The Moor’s Account, by Laila Lalami - Periscope books - £9.99
Lalami’s Man Booker-longlisted novel is the account by a slave, Estebanico, of a 16th-century incursion into the east coast of America. Born Mustafa to a family on the Barbary Coast, he sells himself into slavery so that his starving relatives may eat. Mustafa eventually ends up owned by Narvaez, a Spanish conquistador whose dream is to conquer the new America. It’s a slow build as the group makes its way across treacherous terrain, falling to “Indians”, inhospitable weather, disease and suchlike, and Lalami packs it with as much brutality as she considers the reader can bear. It makes for a highly convincing account of what conditions on this journey must have been like, and Mustafa/Estebanico is a convincing voice.

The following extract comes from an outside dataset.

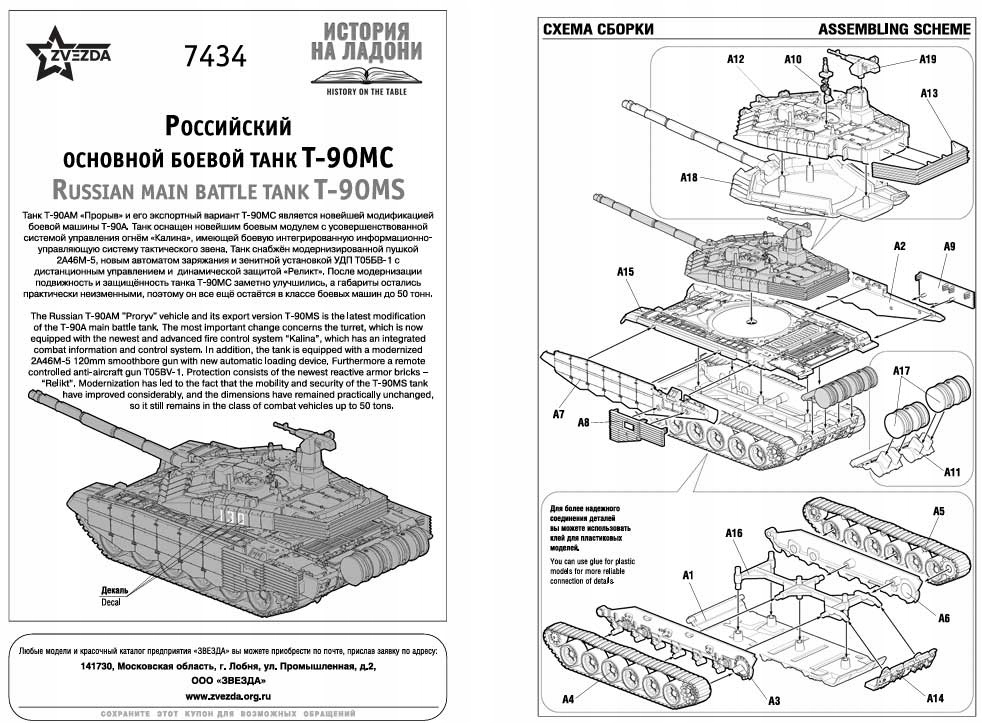 Zvezda 7434 1/100 T-90MS Советский основной боевой бак

West With the Night, by Beryl Markham - Virago £9.99
Markham was probably the only female freelance pilot in the whole of Africa during the 1930s and she comes across in this memoir, first published in 1942, as an extraordinary character who is full of courage and bravado. Some of us today might quail at her easy contemplation of death, especially when it comes to operating as a guide to foreign hunters out to shoot and kill game such as lions. But her story also gives a clear-eyed account of what it means to be living so close to nature, and the kind of demands that such living makes on human beings. Hers is a slightly anachronistic voice, perhaps, but this is nonetheless an often fascinating insight into a country and an era.